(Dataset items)
=======
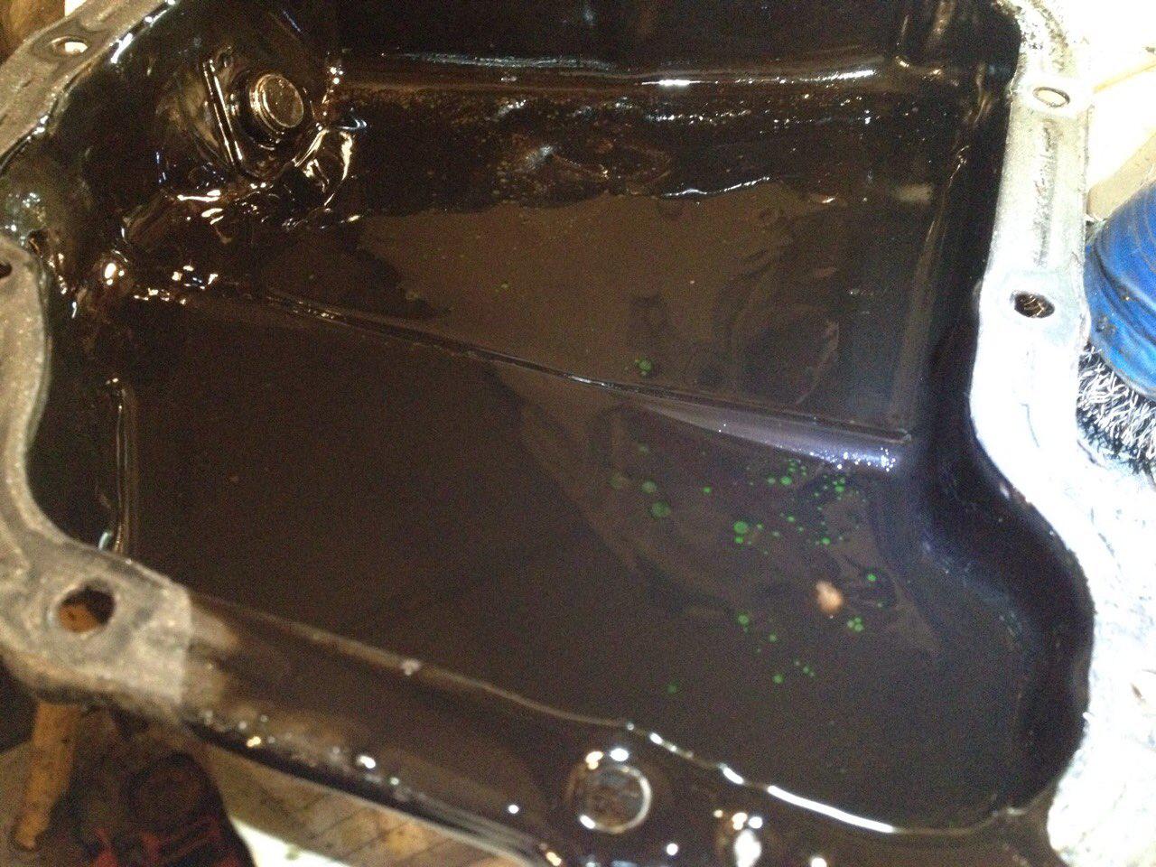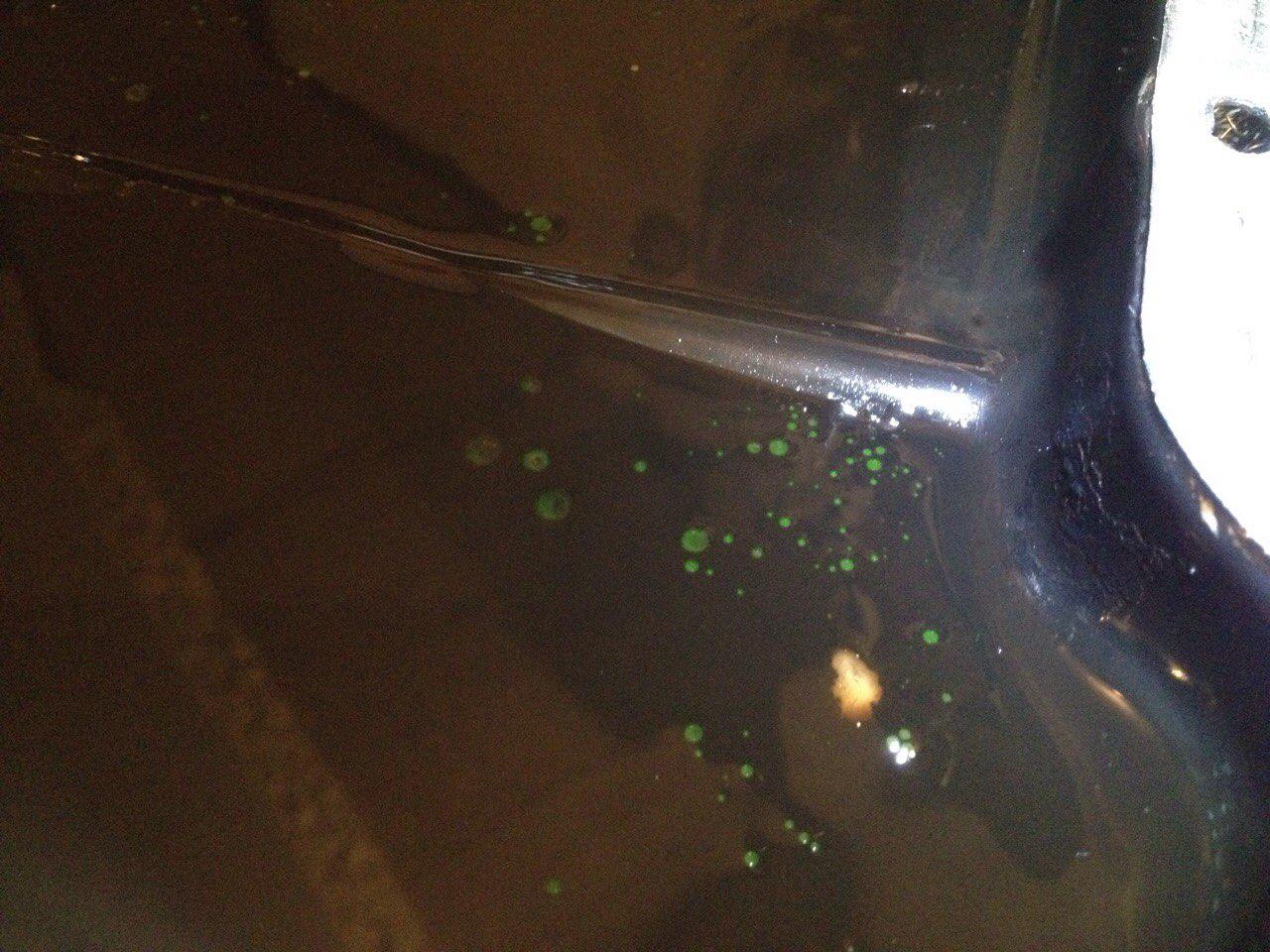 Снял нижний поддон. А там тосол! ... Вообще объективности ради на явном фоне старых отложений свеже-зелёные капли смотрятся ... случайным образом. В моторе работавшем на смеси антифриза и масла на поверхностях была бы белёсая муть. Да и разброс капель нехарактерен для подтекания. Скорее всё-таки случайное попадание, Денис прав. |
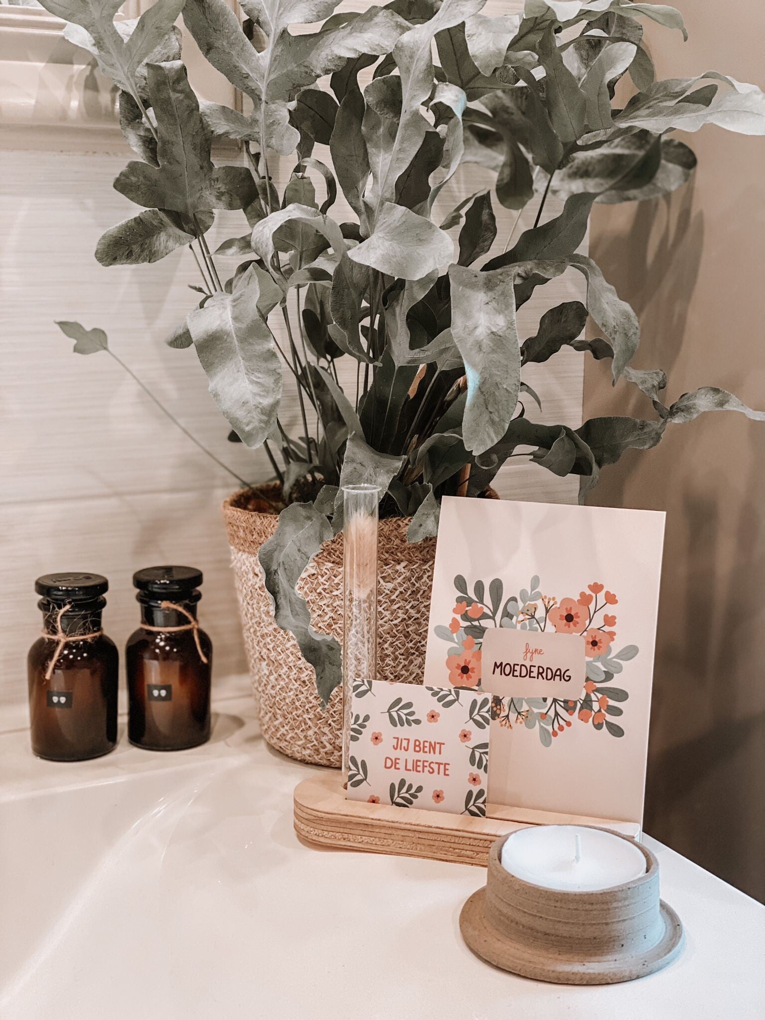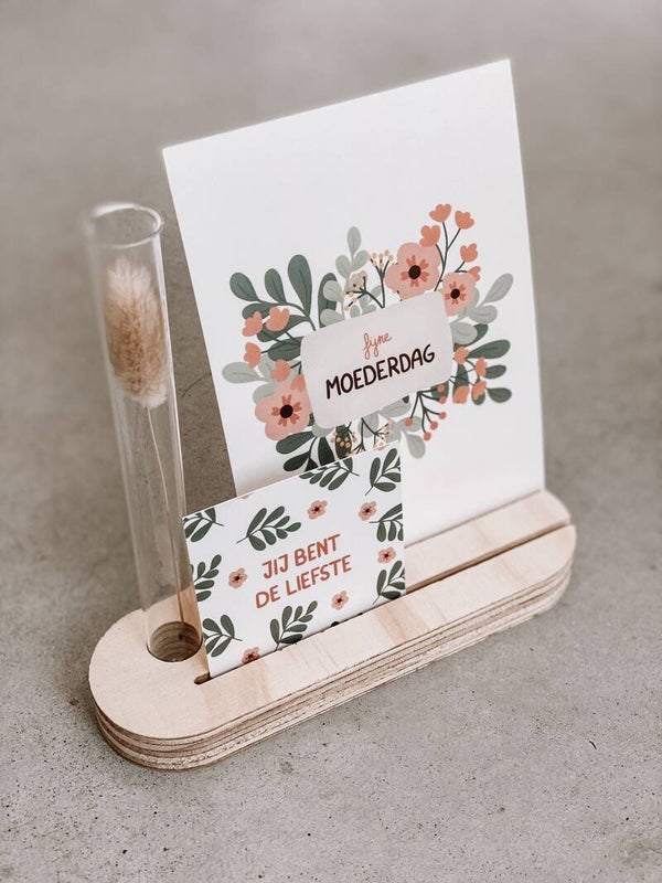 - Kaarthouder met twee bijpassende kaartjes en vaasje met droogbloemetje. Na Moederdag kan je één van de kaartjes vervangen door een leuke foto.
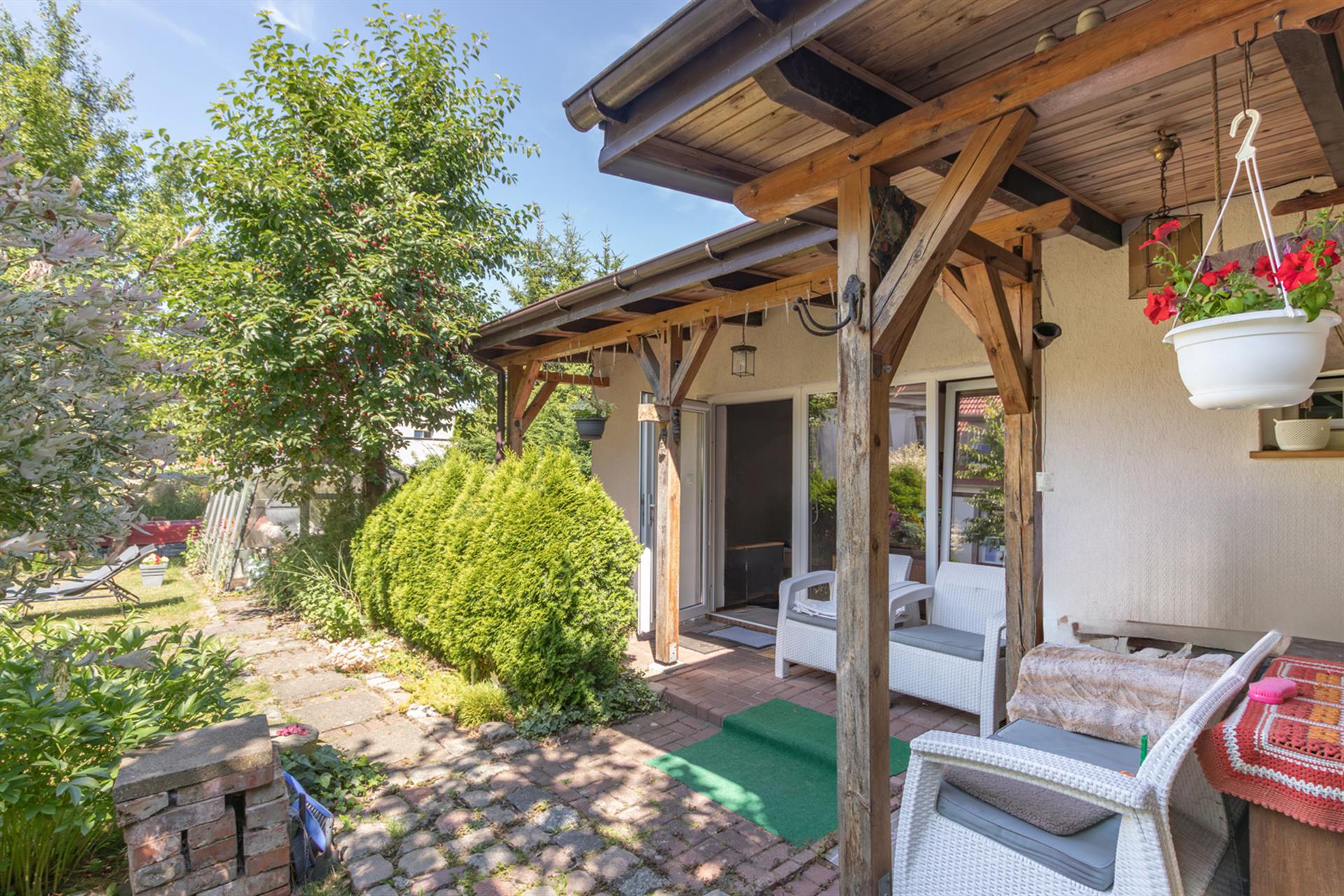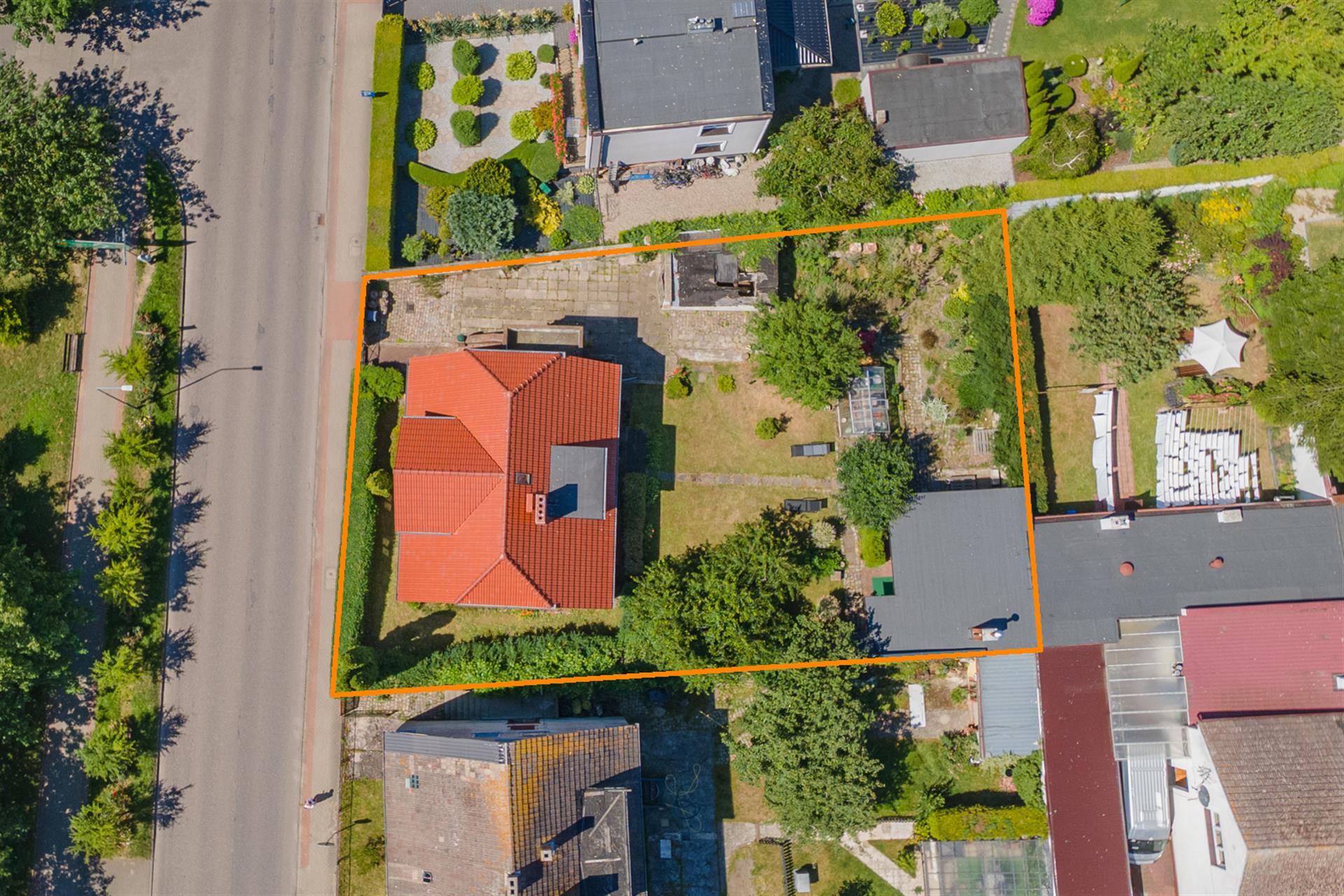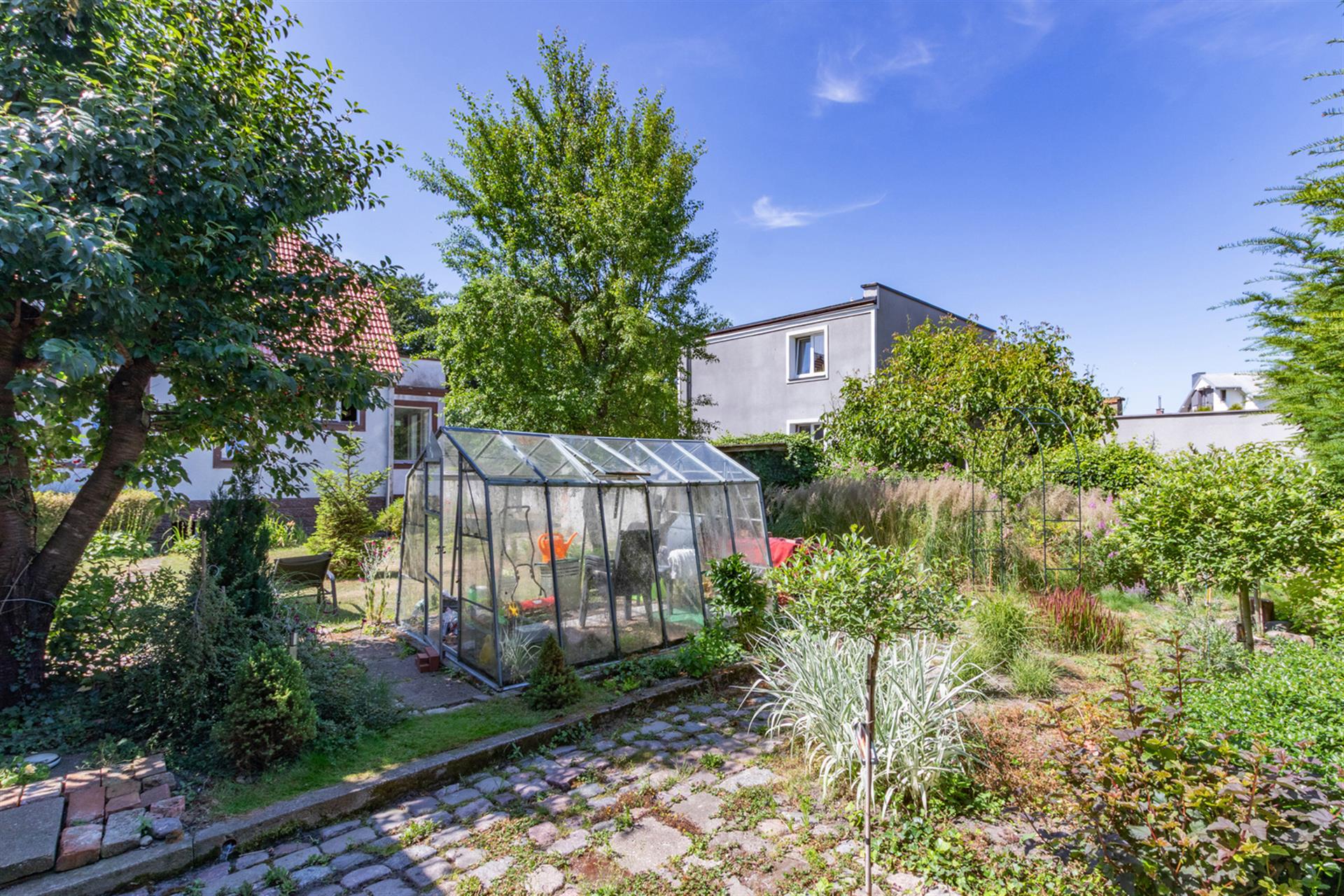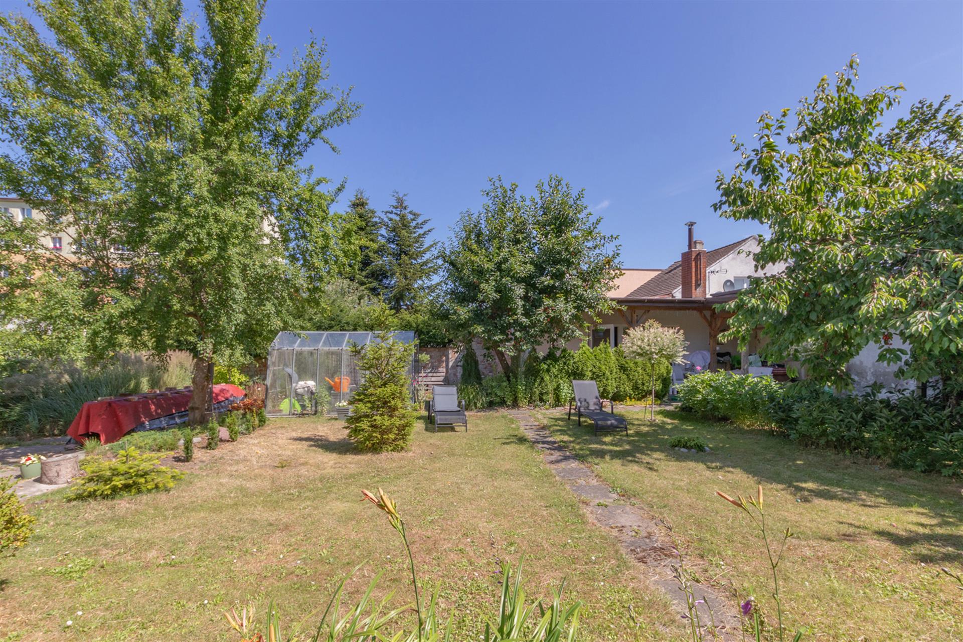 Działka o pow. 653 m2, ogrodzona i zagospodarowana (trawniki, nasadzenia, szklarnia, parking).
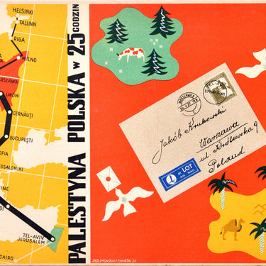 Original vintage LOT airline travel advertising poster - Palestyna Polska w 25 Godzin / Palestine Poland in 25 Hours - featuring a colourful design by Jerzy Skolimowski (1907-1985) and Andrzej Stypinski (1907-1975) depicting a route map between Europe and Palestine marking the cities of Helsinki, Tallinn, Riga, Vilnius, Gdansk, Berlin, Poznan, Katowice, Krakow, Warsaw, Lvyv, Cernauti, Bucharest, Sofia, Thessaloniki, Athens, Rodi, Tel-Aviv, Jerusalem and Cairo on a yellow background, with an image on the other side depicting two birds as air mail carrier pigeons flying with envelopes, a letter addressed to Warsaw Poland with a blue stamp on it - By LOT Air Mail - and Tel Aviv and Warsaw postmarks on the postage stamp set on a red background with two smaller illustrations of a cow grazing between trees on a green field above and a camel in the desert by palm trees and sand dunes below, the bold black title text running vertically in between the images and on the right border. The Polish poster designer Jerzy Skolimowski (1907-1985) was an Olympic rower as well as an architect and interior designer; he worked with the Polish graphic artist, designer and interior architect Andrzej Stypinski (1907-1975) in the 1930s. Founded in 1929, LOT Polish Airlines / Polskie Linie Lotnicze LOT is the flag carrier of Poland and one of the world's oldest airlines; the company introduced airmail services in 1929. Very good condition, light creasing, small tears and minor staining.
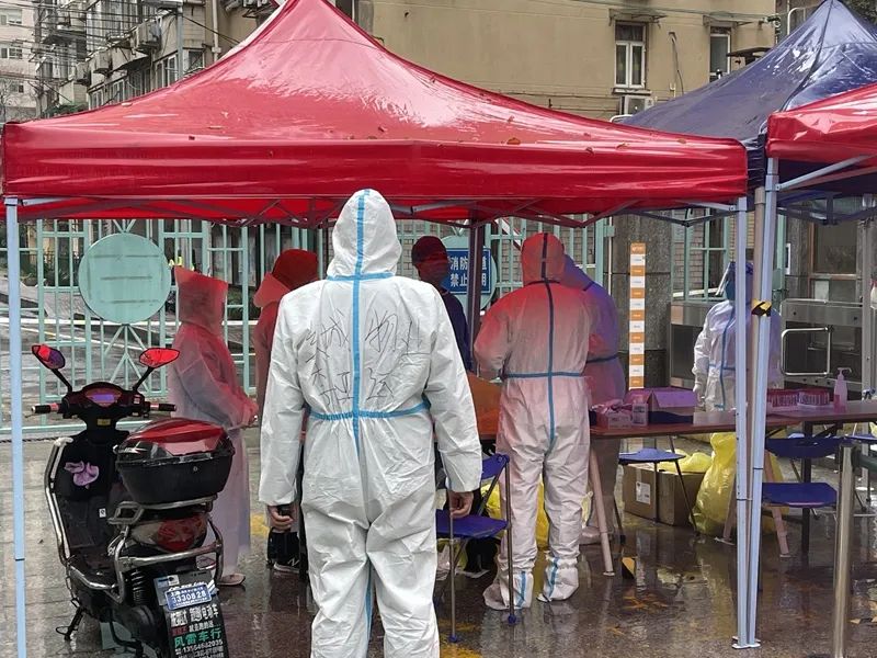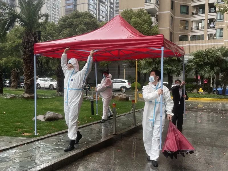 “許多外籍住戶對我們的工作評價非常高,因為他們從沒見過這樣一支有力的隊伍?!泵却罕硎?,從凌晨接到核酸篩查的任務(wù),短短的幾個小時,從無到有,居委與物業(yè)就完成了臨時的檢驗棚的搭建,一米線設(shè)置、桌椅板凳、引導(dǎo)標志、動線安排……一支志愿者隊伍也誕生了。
=======
All records above are to be output verbatim, with their pictures omitted.

▶ _Exercise output_:
 Снял нижний поддон. А там тосол! ... Вообще объективности ради на явном фоне старых отложений свеже-зелёные капли смотрятся ... случайным образом. В моторе работавшем на смеси антифриза и масла на поверхностях была бы белёсая муть. Да и разброс капель нехарактерен для подтекания. Скорее всё-таки случайное попадание, Денис прав. |
 - Kaarthouder met twee bijpassende kaartjes en vaasje met droogbloemetje. Na Moederdag kan je één van de kaartjes vervangen door een leuke foto.
 Działka o pow. 653 m2, ogrodzona i zagospodarowana (trawniki, nasadzenia, szklarnia, parking).
 Original vintage LOT airline travel advertising poster - Palestyna Polska w 25 Godzin / Palestine Poland in 25 Hours - featuring a colourful design by Jerzy Skolimowski (1907-1985) and Andrzej Stypinski (1907-1975) depicting a route map between Europe and Palestine marking the cities of Helsinki, Tallinn, Riga, Vilnius, Gdansk, Berlin, Poznan, Katowice, Krakow, Warsaw, Lvyv, Cernauti, Bucharest, Sofia, Thessaloniki, Athens, Rodi, Tel-Aviv, Jerusalem and Cairo on a yellow background, with an image on the other side depicting two birds as air mail carrier pigeons flying with envelopes, a letter addressed to Warsaw Poland with a blue stamp on it - By LOT Air Mail - and Tel Aviv and Warsaw postmarks on the postage stamp set on a red background with two smaller illustrations of a cow grazing between trees on a green field above and a camel in the desert by palm trees and sand dunes below, the bold black title text running vertically in between the images and on the right border. The Polish poster designer Jerzy Skolimowski (1907-1985) was an Olympic rower as well as an architect and interior designer; he worked with the Polish graphic artist, designer and interior architect Andrzej Stypinski (1907-1975) in the 1930s. Founded in 1929, LOT Polish Airlines / Polskie Linie Lotnicze LOT is the flag carrier of Poland and one of the world's oldest airlines; the company introduced airmail services in 1929. Very good condition, light creasing, small tears and minor staining.
 “許多外籍住戶對我們的工作評價非常高,因為他們從沒見過這樣一支有力的隊伍?!泵却罕硎?,從凌晨接到核酸篩查的任務(wù),短短的幾個小時,從無到有,居委與物業(yè)就完成了臨時的檢驗棚的搭建,一米線設(shè)置、桌椅板凳、引導(dǎo)標志、動線安排……一支志愿者隊伍也誕生了。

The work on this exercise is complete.